İbn Sellâm el-Cumahî’den itibaren İbn Kuteybe, Müberred, Ebü’t-Tayyib el-Lugavî ve Ebû Saîd es-Sîrâfî gibi tabakat ve dil âlimleri Ebü’l-Esved ed-Düelî’nin nahiv ilminin kurucusu olduğunu kabul ederler. Ebü’l-Esved de nahiv ilminin esaslarını Hz. Ali’den aldığını ifade etmiştir (Ebû Bekir ez-Zübeydî, s. 21 vd.). Bu ilmin esaslarının bizzat Hz. Ali tarafından ortaya konulduğu yolunda başka nakiller de bulunmakla birlikte (İbnü’l-Kıftî, I, 45-47) onun siyasî çalkantılarla yoğun biçimde meşgul olması sebebiyle sadece fikir verme ile yetinmesi ve bizzat telif işine girişmemiş olması daha mâkul görülmüştür (Abdülkerîm M. el-Es‘ad, s. 261). Bazı kaynaklarda, nahiv ilminin kurucusu olarak Ebü’l-Esved’in öğrencileri olan ve benzeşen harfleri birbirinden ayırmak için noktaları icat eden Nasr b. Âsım ile İbn Ya‘mer’in adları geçerse de (Sîrâfî, s. 13-14) gerçekleştirdikleri işin nahivle ilgisi bulunmadığından bu uzak bir ihtimal şeklinde değerlendirilmiştir. Abdurrahman b. Hürmüz el-A‘rec ile Nadr b. Şümeyl de bu konuda zikredilir (Ebü’t-Tayyib el-Lugavî, s. 22; Sîrâfî, s. 13-14). Diğer taraftan dilin tevkīfiliği olgusundan hareket eden İbn Fâris nahvin kadim olduğu ve Arab-ı âribenin nahiv terimlerini bildiği, ancak bu alandaki müktesebatın zamanla zayıflamasından sonra Ebü’l-Esved’in elinde yeniden canlandığı şeklinde farklı bir fikir ortaya koymuştur (eṣ-Ṣâḥibî, s. 10-15; Yâkūt, I, 80).

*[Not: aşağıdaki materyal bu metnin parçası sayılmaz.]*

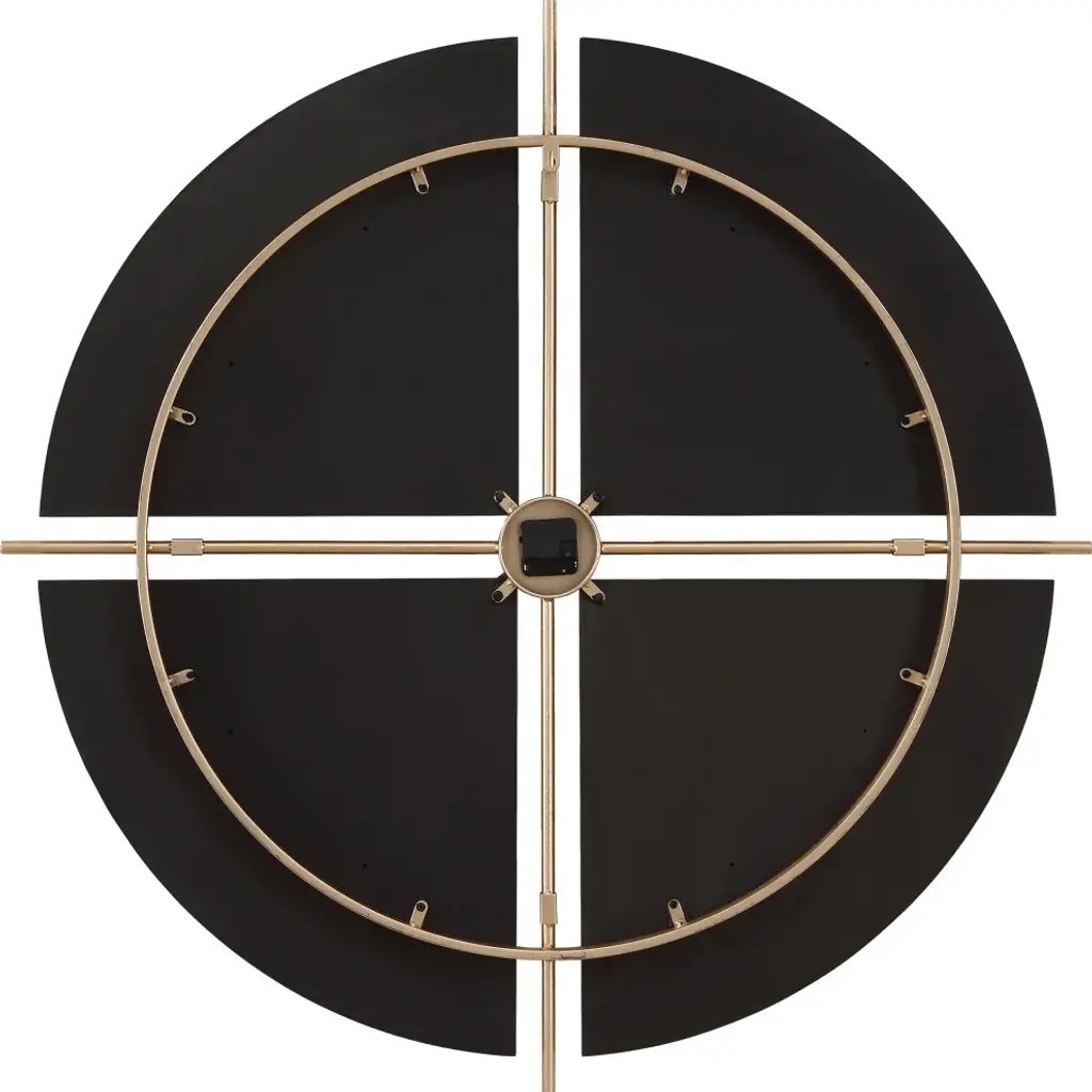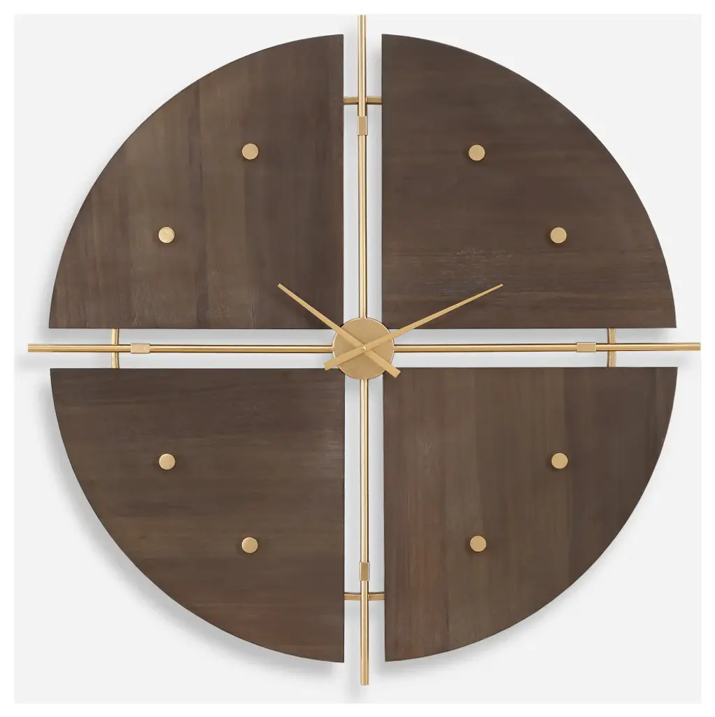 This Unique Clock Is A Harmonious Blend Of Form And Function, Divided Into Four Seamlessly Pieced Sections, Each Graced With A Luxurious Walnut Veneer. The Intersecting Iron Rods Add A Touch Of Sophistication, Finished In A Radiant Metallic Gold. Quartz Movement Ensures Accurate Timekeeping. Requires One "AA" Battery. Wall Clock from the Walnut Elegance collection in Metallic Gold finishThis Unique Clock Is A Harmonious Blend Of Form And Function, Divided Into Four Seamlessly Pieced Sections, Each Graced With A Luxurious Walnut Veneer. The Intersecting Iron Rods Add A Touch Of Sophistication, Finished In A Radiant Metallic Gold. Quartz Movement Ensures Accurate Timekeeping. Requires One "AA" Battery.Width: 42.13"Height: 42.13"Weight: 14.00 lb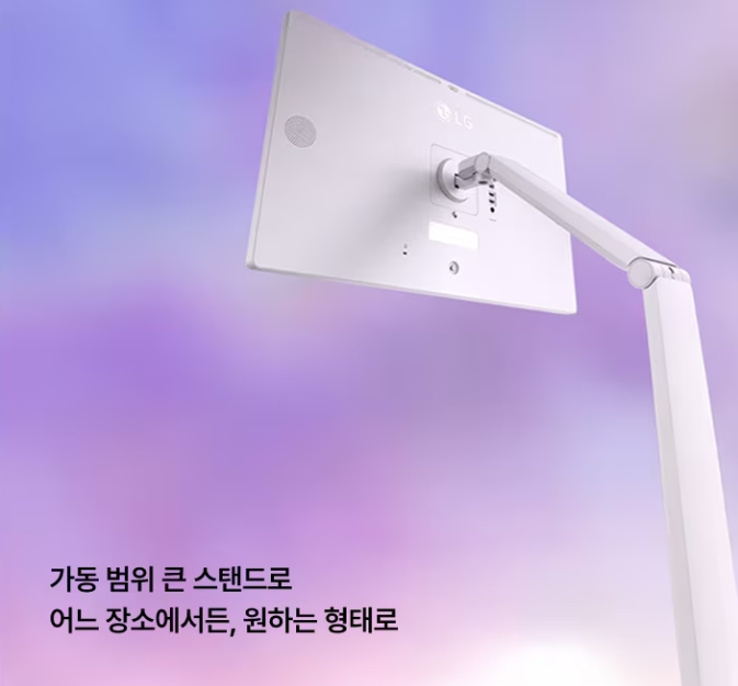 바닥까지 내릴 수 있고, 화면도 아래쪽으로 깊게 숙여지기 때문에 소파에 누워서 영화 보기, 수직 촬영용 모니터링, 세로 영상 시청(쇼츠, 리스, 인스타)에도 아주 유용합니다.

Modern zamanda bazı şarkiyatçıların yanı sıra Arap yazarları, Hz. Ali ile Ebü’l-Esved devrinin basit ruhunun ilmî ve felsefî tanım, taksim ve terimler ortaya koymaya elverişli olmadığını ileri sürerek bu işin daha sonraki bir süreçte gerçekleşmiş olmasının gerektiğini iddia etmişlerdir. Nahiv ilminin kuruluşunu Ebü’l-Esved’e nisbet eden rivayetleri efsane kabilinden gören Carl Brockelmann, kaynak göstermeden bu işin İbn Ebû İshak ile (ö. 117/735) Halîl b. Ahmed ve Sîbeveyhi’nin hocası Îsâ b. Ömer es-Sekafî (ö. 149/766) zamanında gerçekleştiğini öne sürmüştür (GAL [Ar.], II, 123, 128). Ahmed Emîn de Hz. Ali ile Şiî Ebü’l-Esved’e yapılan nisbetlerin mezhep gayretkeşliği endişesi taşıdığını belirtmiş, i‘rab harekelerini koyan Ebü’l-Esved’in nahiv kaideleri üzerinde fikir yormasının tekâmül kanunu ile çelişmemekle birlikte nahvin bir ilim niteliğinde kuruluşunun daha sonra gerçekleştiğini, adının da Halîl b. Ahmed tarafından konulduğunu, kadim müelliflerin nahvin vaz‘ı ile i‘rab harekeleri ve zamme, fetha, kesre, sükûn gibi hususları kapsayan Arabiyye’nin vaz‘ını kastettiklerini, ilim olarak gerçek nahvin ise hemze hakkındaki görüşleri bir kitap oluşturacak kadar ayrıntılı olan İbn Ebû İshak ve onun tabakası tarafından ortaya konulduğunu kaydetmiştir (Ḍuḥa’l-İslâm, II, 285-290). Ahmed Emîn’in öğrencisi Şevkī Dayf da hocasını desteklemektedir (Medârisü’n-naḥviyye, s. 5, 16). Netice olarak Kur’ân-ı Kerîm’in Hz. Osman zamanında çoğaltılmasının ardından hatasız okunması için nokta şeklindeki i‘rab harekeleriyle benzer harfleri ayıran temyiz noktalarının konulması, bunun arkasından Kur’ân’ın dilini bozulmaktan korumak amacıyla gramer çalışmalarının ve dolayısıyla nahiv disiplininin kurulmaya başlanması, Kur’an’ın kıraatini ve dilini koruma gayretiyle gerçekleşmiş bir gelişme olarak Ebü’l-Esved devrini göstermektedir.